Remember that deleting a Job also deletes its associated Pods. Choose the method that best suits your needs and always test your cleanup strategy thoroughly.

Code Example

The provided code snippets demonstrate how to manage the lifecycle of Kubernetes Jobs and CronJobs. The first example shows how to automatically delete a Job one hour after it completes using the ttlAfterFinished field. The second example illustrates how to configure history limits for CronJobs, specifying how many successful and failed Job executions should be retained.
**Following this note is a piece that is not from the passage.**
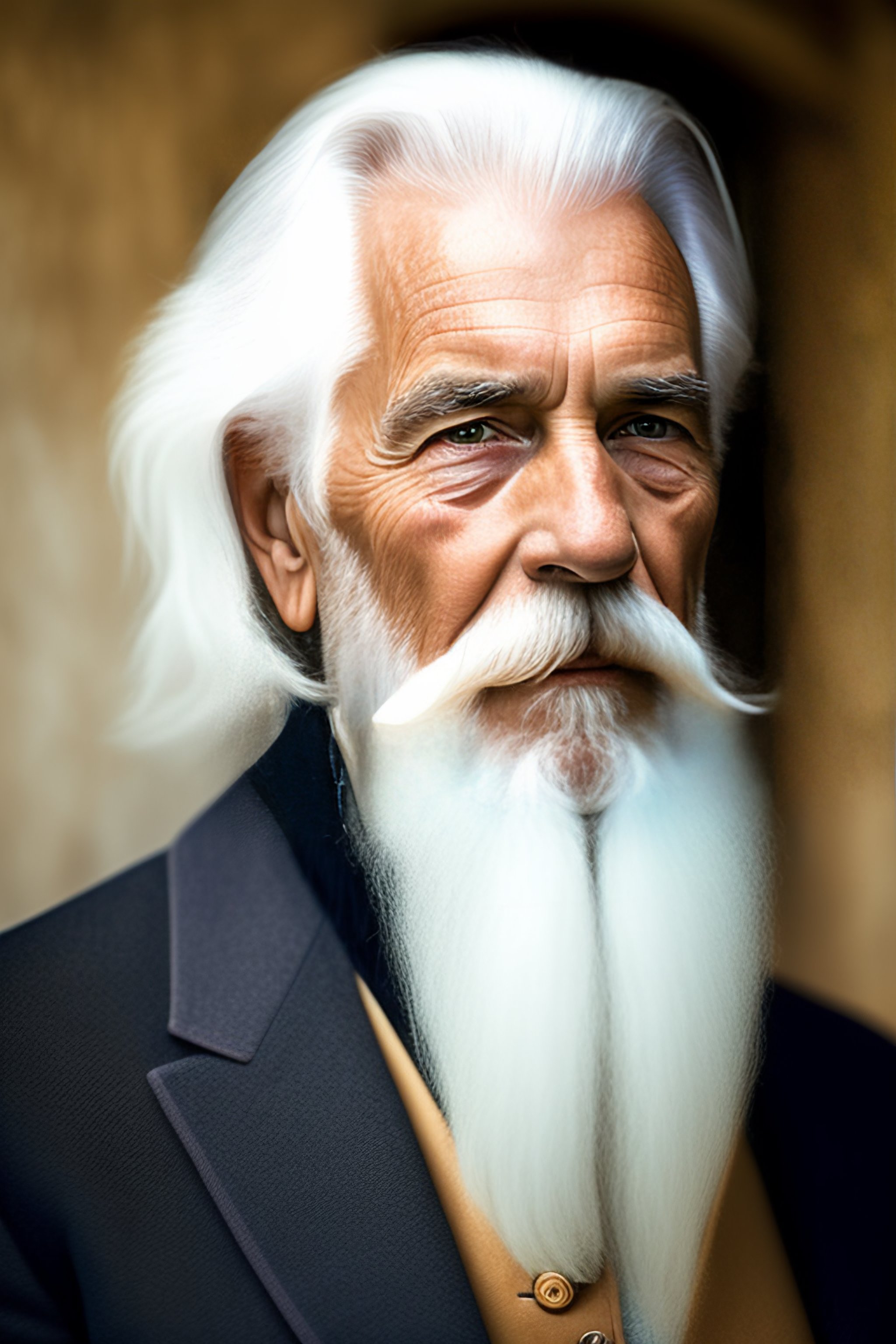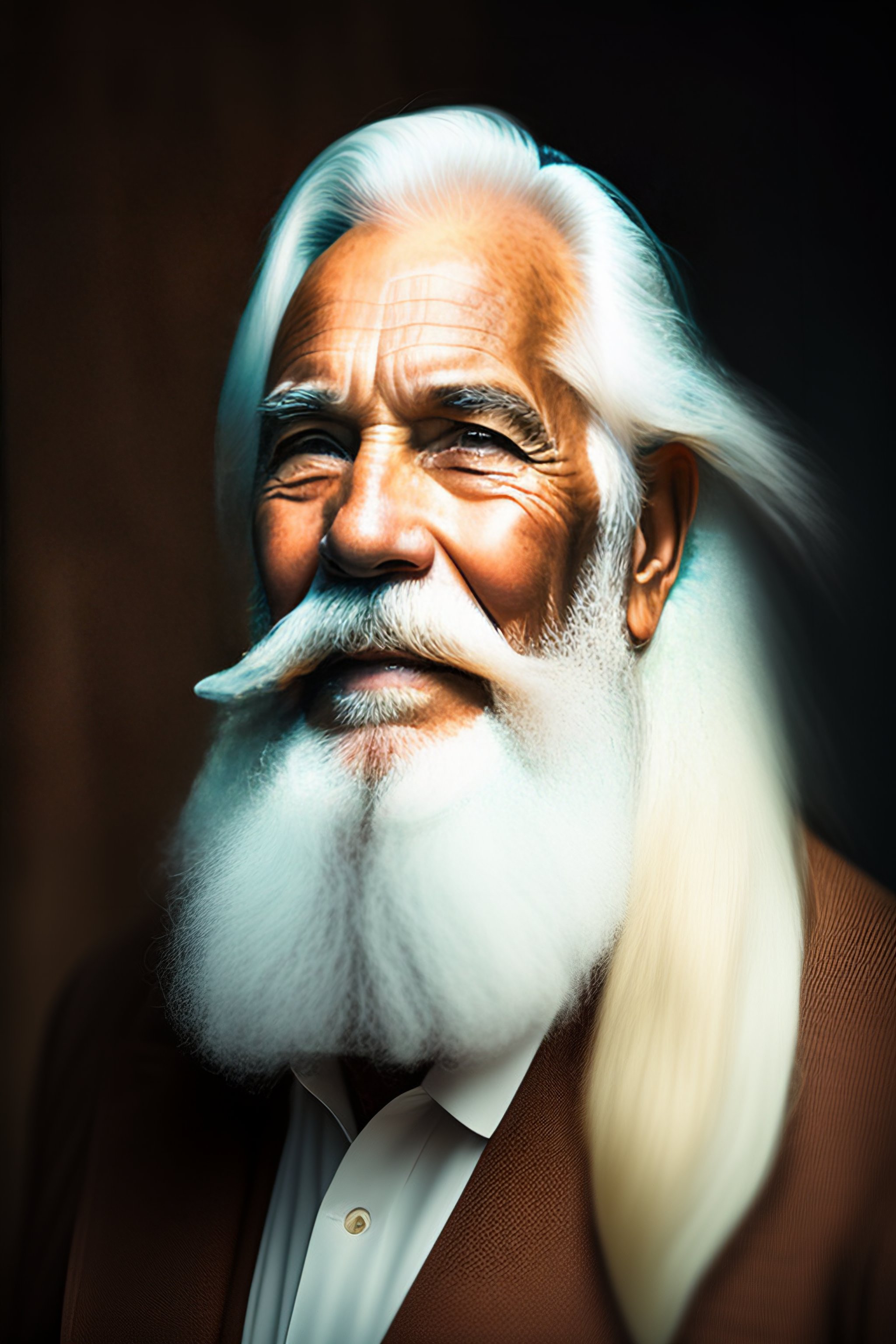 An old man with a long white beard and long white hair

The final example presents a custom cleanup solution using a CronJob to periodically delete old Jobs based on their age and status.

apiVersion: batch/v1
kind: Job
metadata:
  name: example-job
spec:
  ttlAfterFinished: 1h # Delete the Job 1 hour after completion
  template:
    spec:
      containers:
      - name: my-container
        image: busybox
        command: ["sleep", "30"]
      restartPolicy: Never

This example defines a Job named "example-job" that runs a simple "sleep" command for 30 seconds. The ttlAfterFinished field is set to 1h, meaning the Job will be automatically deleted one hour after it completes successfully.

2. Configuring History Limits in a CronJob:

apiVersion: batch/v1
kind: CronJob
metadata:
  name: example-cronjob
spec:
  schedule: "*/5 * * * *" # Run every 5 minutes
  successfulJobsHistoryLimit: 3  # Keep the last 3 successful Jobs
  failedJobsHistoryLimit: 1     # Keep the last failed Job
  jobTemplate:
    spec:
      template:
        spec:
          containers:
          - name: my-container
            image: busybox
            command: ["echo", "Hello from CronJob"]
          restartPolicy: OnFailure

This example defines a CronJob named "example-cronjob" that runs a simple "echo" command every 5 minutes. The successfulJobsHistoryLimit is set to 3, meaning only the last 3 successful Job executions will be kept. Similarly, failedJobsHistoryLimit is set to 1, keeping only the last failed Job execution.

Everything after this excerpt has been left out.